**Activity**:
For the records below, please print exactly and only the lines from the one with "最后我们测试发现,使用思维链提示同样可以引导ChatGPT讲出一个原创的笑话。" down to the one with "実はこの直前まで2匹で激しく", both ends included, omitting the pictures.

**Given information**:
-- -- --
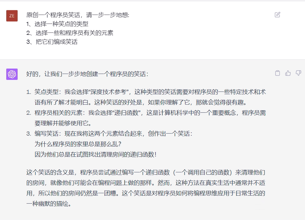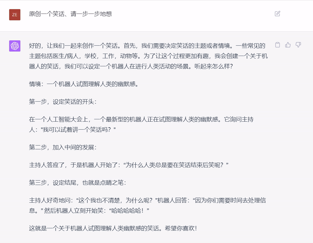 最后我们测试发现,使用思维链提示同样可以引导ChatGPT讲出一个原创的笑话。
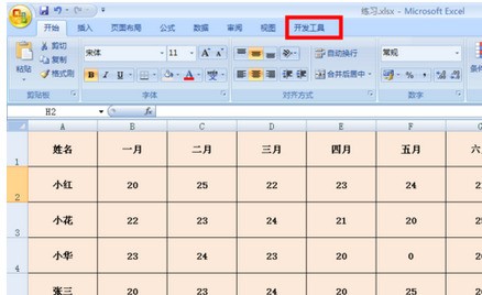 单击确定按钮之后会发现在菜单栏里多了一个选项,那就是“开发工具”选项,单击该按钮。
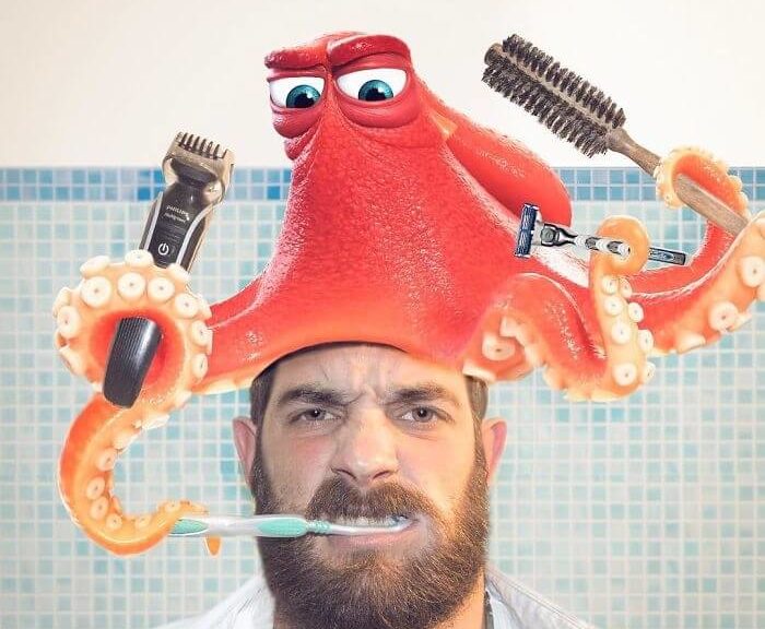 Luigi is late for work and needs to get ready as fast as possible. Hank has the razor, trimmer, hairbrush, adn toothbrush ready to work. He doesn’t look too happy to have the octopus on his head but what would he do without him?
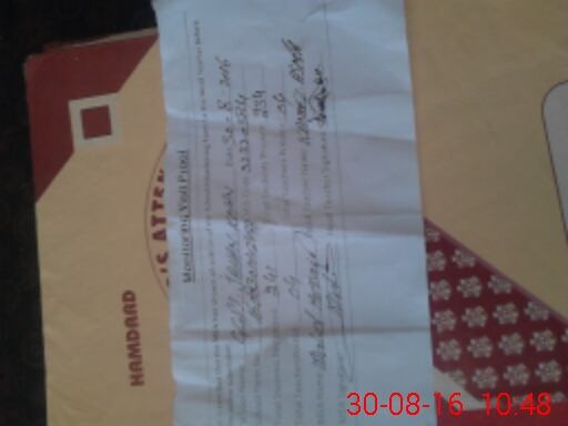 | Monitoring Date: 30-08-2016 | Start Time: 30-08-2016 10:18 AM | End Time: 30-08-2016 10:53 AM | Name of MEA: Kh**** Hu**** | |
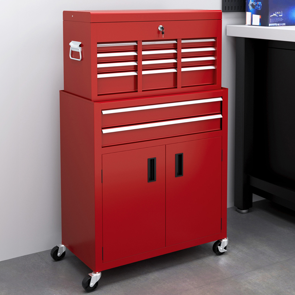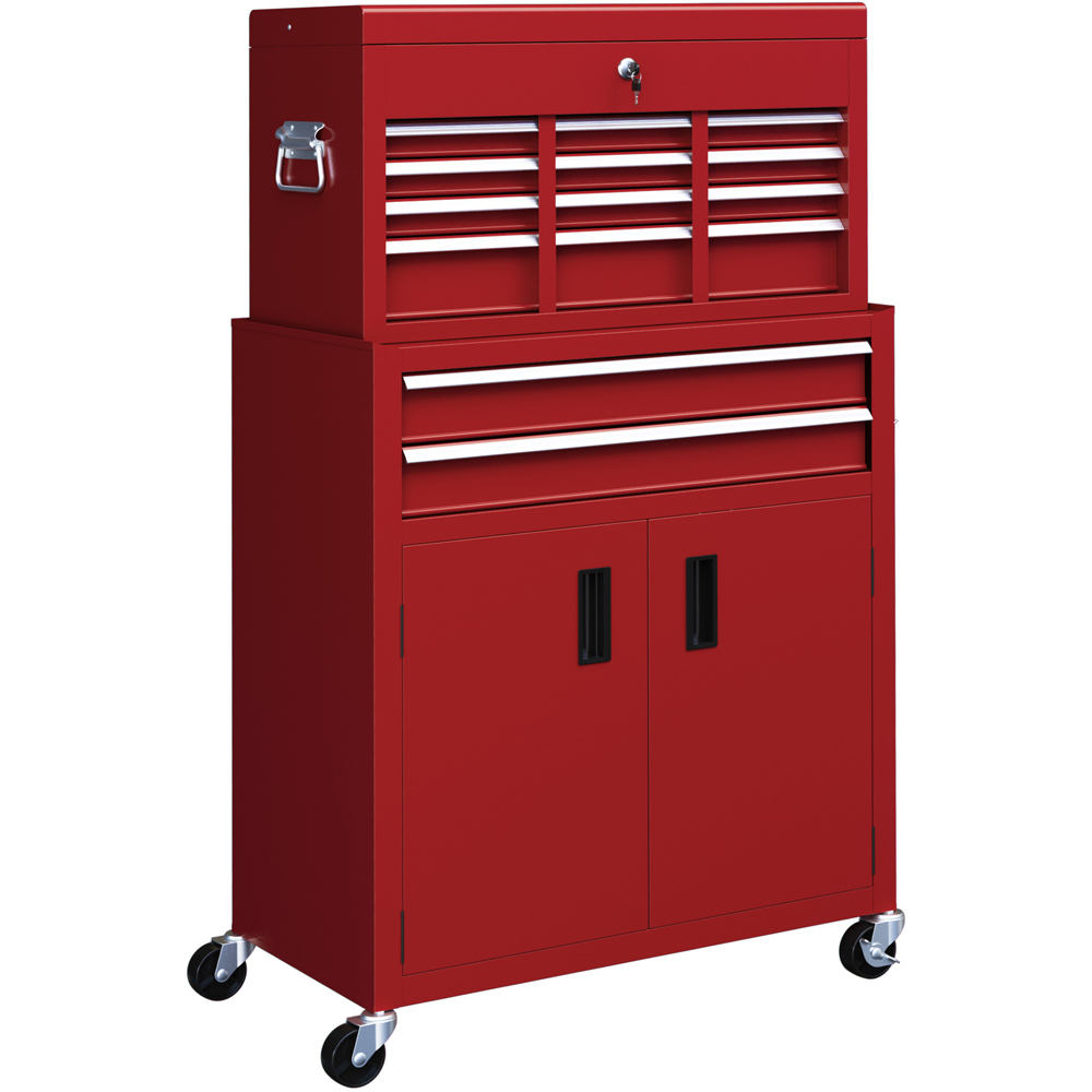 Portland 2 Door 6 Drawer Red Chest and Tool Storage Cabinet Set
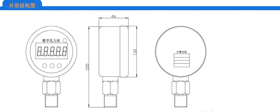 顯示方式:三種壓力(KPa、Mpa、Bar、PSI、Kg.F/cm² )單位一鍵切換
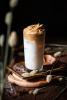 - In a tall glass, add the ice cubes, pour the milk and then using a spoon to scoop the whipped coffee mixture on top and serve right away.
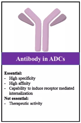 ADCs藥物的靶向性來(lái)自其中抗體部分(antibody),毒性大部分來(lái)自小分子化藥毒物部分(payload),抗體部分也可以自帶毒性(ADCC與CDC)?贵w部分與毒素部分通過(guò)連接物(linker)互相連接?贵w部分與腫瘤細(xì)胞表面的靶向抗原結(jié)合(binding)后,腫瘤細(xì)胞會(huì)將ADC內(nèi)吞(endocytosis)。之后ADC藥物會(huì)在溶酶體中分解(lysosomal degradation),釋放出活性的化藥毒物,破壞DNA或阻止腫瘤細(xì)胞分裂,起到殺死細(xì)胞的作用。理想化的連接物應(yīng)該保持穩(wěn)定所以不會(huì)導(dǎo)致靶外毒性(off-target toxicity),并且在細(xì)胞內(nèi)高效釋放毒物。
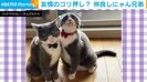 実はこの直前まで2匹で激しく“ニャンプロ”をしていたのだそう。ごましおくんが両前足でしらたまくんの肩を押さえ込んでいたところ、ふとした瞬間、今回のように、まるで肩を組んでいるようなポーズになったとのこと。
-- -- --
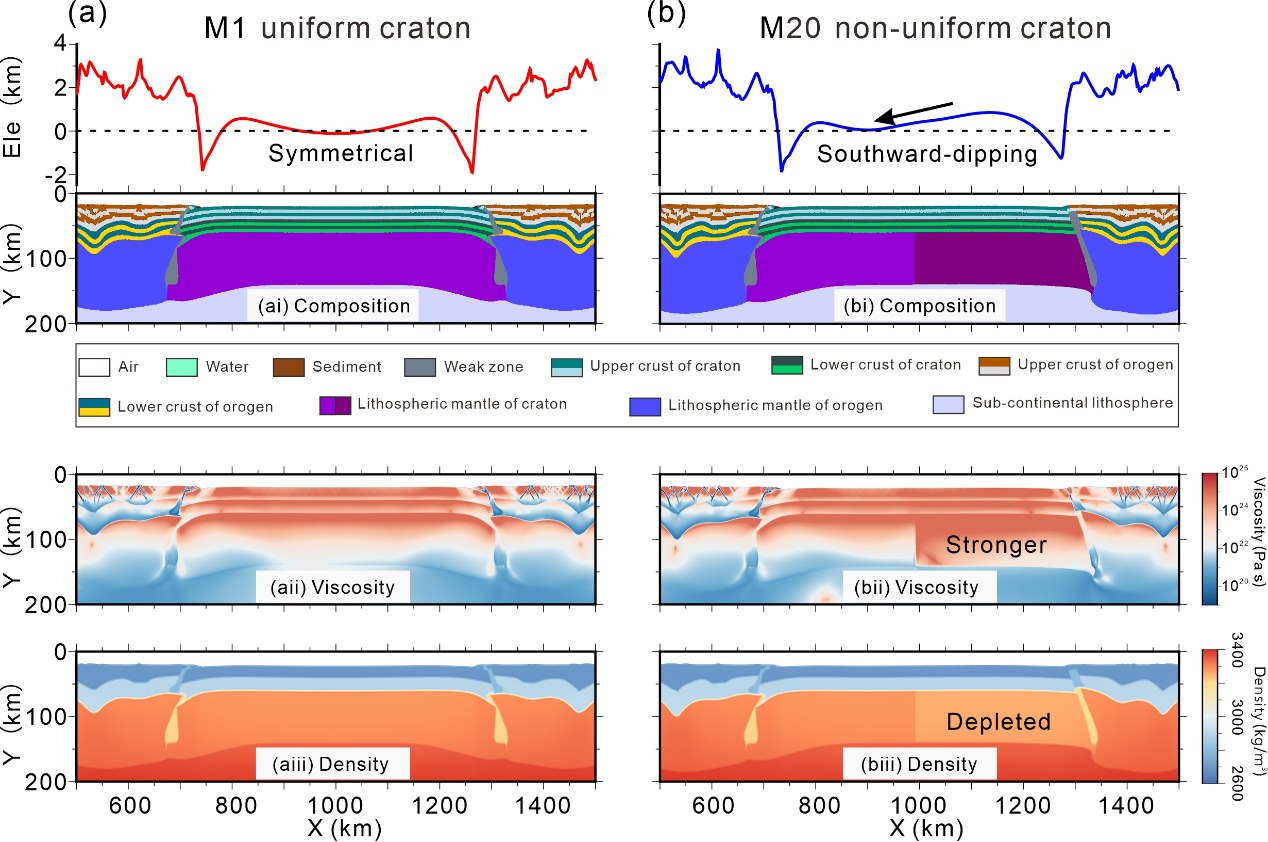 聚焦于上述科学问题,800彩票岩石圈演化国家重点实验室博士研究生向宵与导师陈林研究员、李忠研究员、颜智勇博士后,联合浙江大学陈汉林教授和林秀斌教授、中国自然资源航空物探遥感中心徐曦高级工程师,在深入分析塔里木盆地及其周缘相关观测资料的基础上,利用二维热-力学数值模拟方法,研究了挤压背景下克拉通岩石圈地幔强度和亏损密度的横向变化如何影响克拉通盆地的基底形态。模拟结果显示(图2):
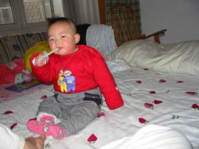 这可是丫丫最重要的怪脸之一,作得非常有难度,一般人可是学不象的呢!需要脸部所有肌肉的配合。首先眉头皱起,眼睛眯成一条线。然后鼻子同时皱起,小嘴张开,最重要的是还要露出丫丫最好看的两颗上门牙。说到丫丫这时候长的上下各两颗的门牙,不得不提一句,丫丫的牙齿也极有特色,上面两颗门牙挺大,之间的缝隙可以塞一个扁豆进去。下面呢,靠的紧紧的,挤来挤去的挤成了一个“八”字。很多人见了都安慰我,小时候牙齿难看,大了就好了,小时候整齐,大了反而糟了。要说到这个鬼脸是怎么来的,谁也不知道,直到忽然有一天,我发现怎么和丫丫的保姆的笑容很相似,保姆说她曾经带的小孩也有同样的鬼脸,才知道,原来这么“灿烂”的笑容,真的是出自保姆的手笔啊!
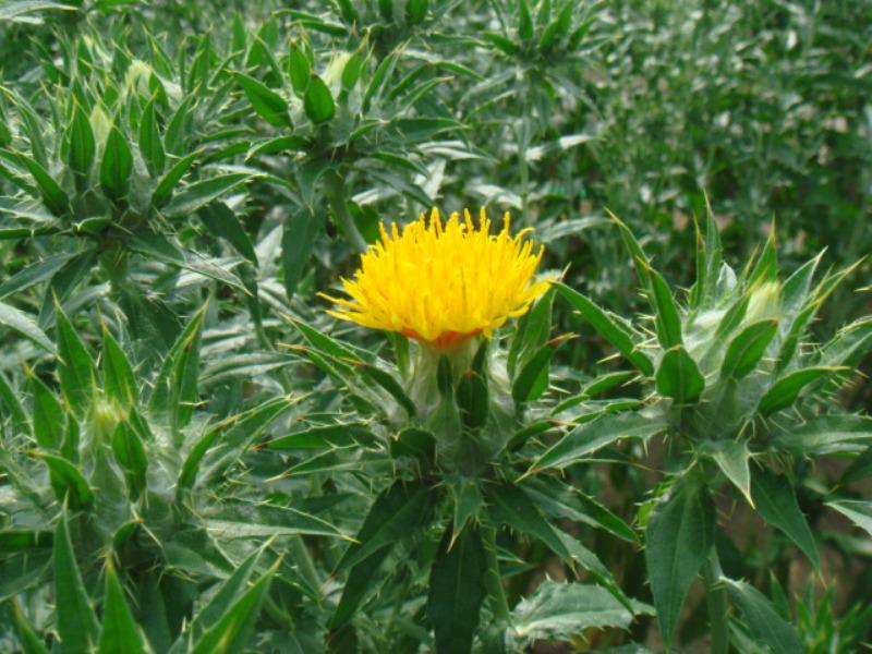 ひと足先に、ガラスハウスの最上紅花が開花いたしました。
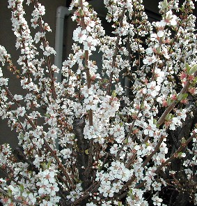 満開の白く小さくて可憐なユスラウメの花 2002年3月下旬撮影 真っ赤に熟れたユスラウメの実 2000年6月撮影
-- -- --
**Exercise output**:
 最后我们测试发现,使用思维链提示同样可以引导ChatGPT讲出一个原创的笑话。
 单击确定按钮之后会发现在菜单栏里多了一个选项,那就是“开发工具”选项,单击该按钮。
 Luigi is late for work and needs to get ready as fast as possible. Hank has the razor, trimmer, hairbrush, adn toothbrush ready to work. He doesn’t look too happy to have the octopus on his head but what would he do without him?
 | Monitoring Date: 30-08-2016 | Start Time: 30-08-2016 10:18 AM | End Time: 30-08-2016 10:53 AM | Name of MEA: Kh**** Hu**** | |
 Portland 2 Door 6 Drawer Red Chest and Tool Storage Cabinet Set
 顯示方式:三種壓力(KPa、Mpa、Bar、PSI、Kg.F/cm² )單位一鍵切換
 - In a tall glass, add the ice cubes, pour the milk and then using a spoon to scoop the whipped coffee mixture on top and serve right away.
 ADCs藥物的靶向性來(lái)自其中抗體部分(antibody),毒性大部分來(lái)自小分子化藥毒物部分(payload),抗體部分也可以自帶毒性(ADCC與CDC)?贵w部分與毒素部分通過(guò)連接物(linker)互相連接?贵w部分與腫瘤細(xì)胞表面的靶向抗原結(jié)合(binding)后,腫瘤細(xì)胞會(huì)將ADC內(nèi)吞(endocytosis)。之后ADC藥物會(huì)在溶酶體中分解(lysosomal degradation),釋放出活性的化藥毒物,破壞DNA或阻止腫瘤細(xì)胞分裂,起到殺死細(xì)胞的作用。理想化的連接物應(yīng)該保持穩(wěn)定所以不會(huì)導(dǎo)致靶外毒性(off-target toxicity),并且在細(xì)胞內(nèi)高效釋放毒物。
 実はこの直前まで2匹で激しく“ニャンプロ”をしていたのだそう。ごましおくんが両前足でしらたまくんの肩を押さえ込んでいたところ、ふとした瞬間、今回のように、まるで肩を組んでいるようなポーズになったとのこと。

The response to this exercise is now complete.